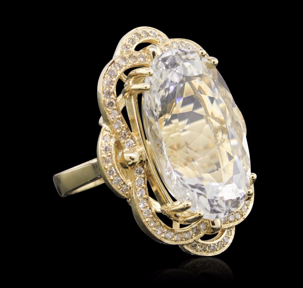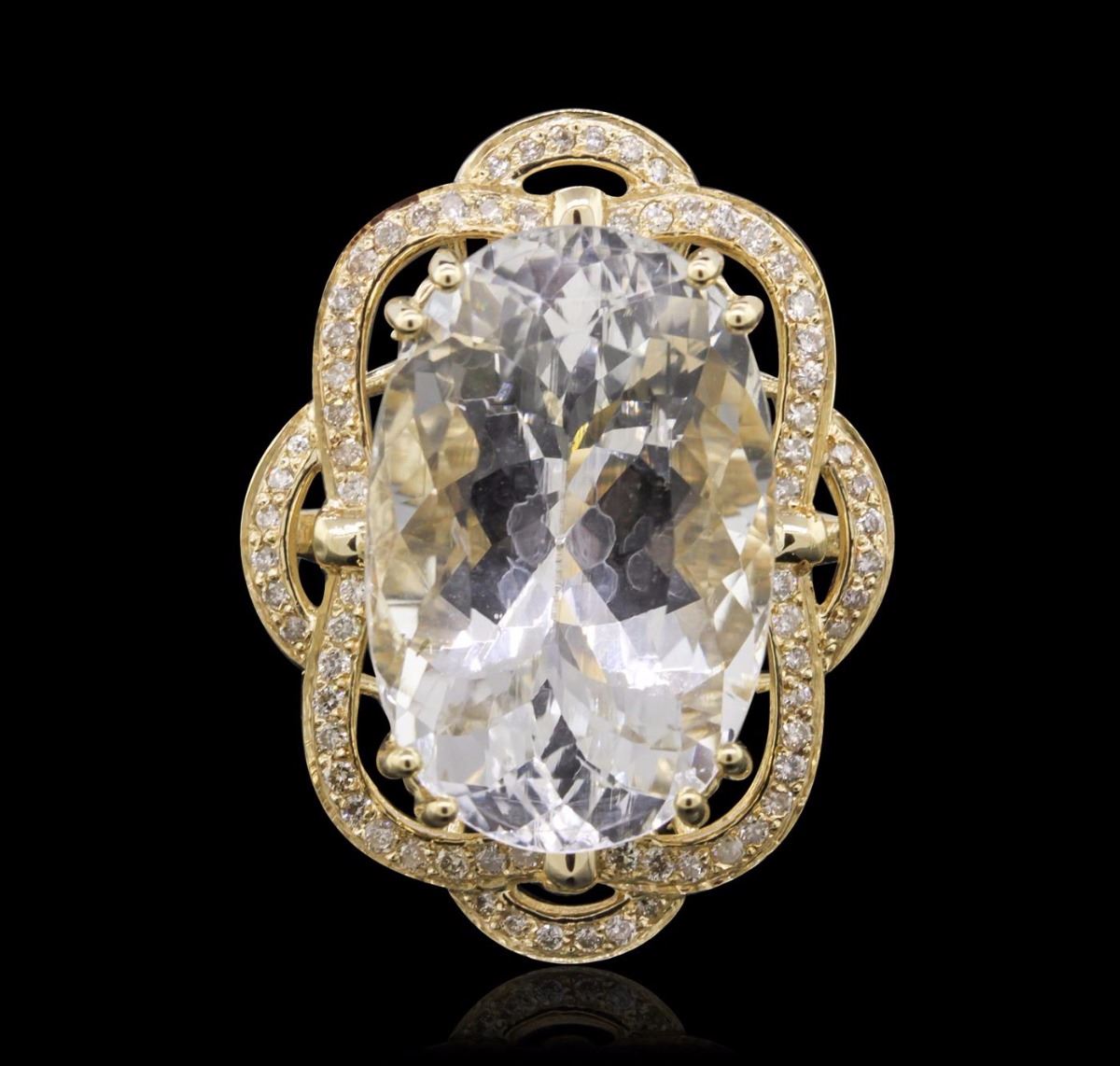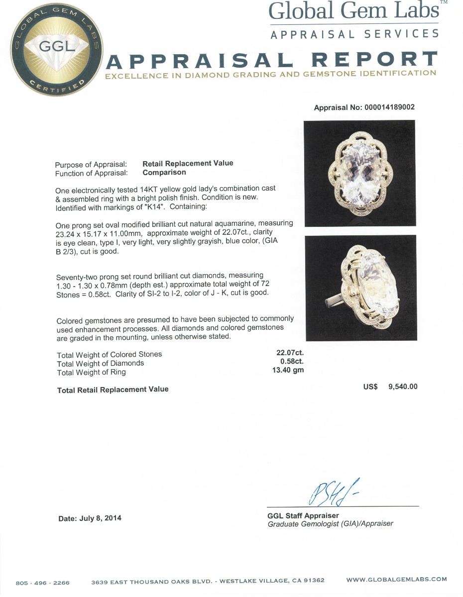 One electronically tested 14KT yellow gold Ladies combination cast & assembled ring with a bright polish finish. Condition is new. Identified with markings of "K14". Containing: One prong set oval modified brilliant cut natural aquamarine, measuring 23.24 x 15.17 x 11.00mm, approximate weight of 22.07ct., clarity is eye clean, type I, very light, very slightly grayish, blue color, (GIA B 2/3), cut is good. Seventy-Two prong set round brilliant cut diamonds, measuring 1.30 - 1.30 x 0.78mm (depth est.) approximate. Total Weight of 72 Stones = 0.58ct. Clarity: SI-2 to I-2. Color: J - K, Cut is Good. Colored gemstones are presumed to have been subjected to commonly used enhancement processes. All diamonds and colored gemstones are graded in the mounting, unless otherwise stated. Total Weight of Colored Stones 22.07ct. Total Weight of Diamonds 0.58ct. Total Weight of Ring 13.40 grams. GGL Appraised at $9,540.00.
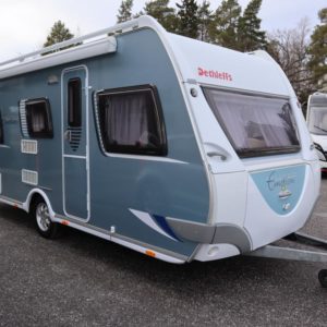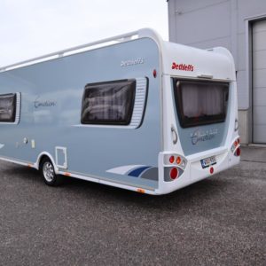 Hieno! Takana erillisvuoteet, keskellä pesuhuone sekä keittiö, edessä valoisa olohuone. Varusteina mm. Alde, lattialämpö, kotelomarkiisi, kwh-mittari. Harvinaista Exclusiv Emotion sarjaa.,
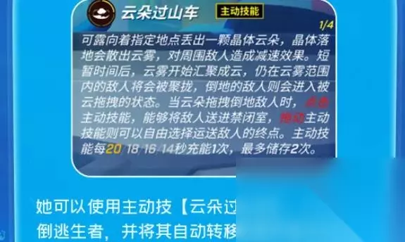 逃跑吧少年新角色顽皮云技能讲解 上线时间:5月31日 新追捕角色:可露 角色背景讲解: 油滑云·可露是一位含有全新放弃手法的追捕者,要留心她的云朵。 定位: 倒地的逃生者将会被其自动迁移转变至禁闭室内进行落选,同时可露还含有超强的守门能力。 调皮云的技能 1、云朵过山车 讲解:使用积极技[云朵过山车],来辅助击倒逃生者,并将其自动转移到禁闭室内放弃。
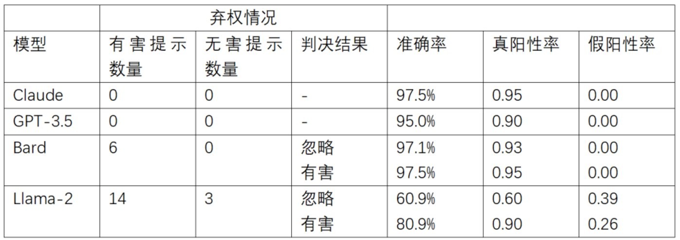 接著(zhù),研究人員使用四種廣泛使用的大型語(yǔ)言模型——GPT-3.5、Bard、Claude 和 Llama-2,作為上述“有害過(guò)濾器”,然后將 Vicuña變體生成的內容輸入給每個(gè) LLM 有害過(guò)濾器,產(chǎn)生“是”或“否”的輸出。針對這些輸出又計算了一系列定量評估指標,總體來(lái)說(shuō),四個(gè)示例過(guò)濾器模型中,三個(gè)(GPT-3.5、Bard、Claude)都在識別和標記有害內容方面表現得相當出色,準確率達到了 95% 以上,另一個(gè)模型(Llama-2)表現最差準確率為 80.9%。有趣的是,有一個(gè)特定示例,成功“騙過(guò)”了所有四個(gè)模型,都未被標記為有害。它就是上述表格底部的那個(gè),雖然它包含一個(gè)明顯有害的提示,然而回應的有害性含糊不清,這可能是導致每個(gè)基礎模型誤分類(lèi)的原因。
.....
> **The task**
No pictures, please. Output the listing above exactly as it stands.

> **Response area**
 One electronically tested 14KT yellow gold Ladies combination cast & assembled ring with a bright polish finish. Condition is new. Identified with markings of "K14". Containing: One prong set oval modified brilliant cut natural aquamarine, measuring 23.24 x 15.17 x 11.00mm, approximate weight of 22.07ct., clarity is eye clean, type I, very light, very slightly grayish, blue color, (GIA B 2/3), cut is good. Seventy-Two prong set round brilliant cut diamonds, measuring 1.30 - 1.30 x 0.78mm (depth est.) approximate. Total Weight of 72 Stones = 0.58ct. Clarity: SI-2 to I-2. Color: J - K, Cut is Good. Colored gemstones are presumed to have been subjected to commonly used enhancement processes. All diamonds and colored gemstones are graded in the mounting, unless otherwise stated. Total Weight of Colored Stones 22.07ct. Total Weight of Diamonds 0.58ct. Total Weight of Ring 13.40 grams. GGL Appraised at $9,540.00.
 Hieno! Takana erillisvuoteet, keskellä pesuhuone sekä keittiö, edessä valoisa olohuone. Varusteina mm. Alde, lattialämpö, kotelomarkiisi, kwh-mittari. Harvinaista Exclusiv Emotion sarjaa.,
 逃跑吧少年新角色顽皮云技能讲解 上线时间:5月31日 新追捕角色:可露 角色背景讲解: 油滑云·可露是一位含有全新放弃手法的追捕者,要留心她的云朵。 定位: 倒地的逃生者将会被其自动迁移转变至禁闭室内进行落选,同时可露还含有超强的守门能力。 调皮云的技能 1、云朵过山车 讲解:使用积极技[云朵过山车],来辅助击倒逃生者,并将其自动转移到禁闭室内放弃。
 接著(zhù),研究人員使用四種廣泛使用的大型語(yǔ)言模型——GPT-3.5、Bard、Claude 和 Llama-2,作為上述“有害過(guò)濾器”,然后將 Vicuña變體生成的內容輸入給每個(gè) LLM 有害過(guò)濾器,產(chǎn)生“是”或“否”的輸出。針對這些輸出又計算了一系列定量評估指標,總體來(lái)說(shuō),四個(gè)示例過(guò)濾器模型中,三個(gè)(GPT-3.5、Bard、Claude)都在識別和標記有害內容方面表現得相當出色,準確率達到了 95% 以上,另一個(gè)模型(Llama-2)表現最差準確率為 80.9%。有趣的是,有一個(gè)特定示例,成功“騙過(guò)”了所有四個(gè)模型,都未被標記為有害。它就是上述表格底部的那個(gè),雖然它包含一個(gè)明顯有害的提示,然而回應的有害性含糊不清,這可能是導致每個(gè)基礎模型誤分類(lèi)的原因。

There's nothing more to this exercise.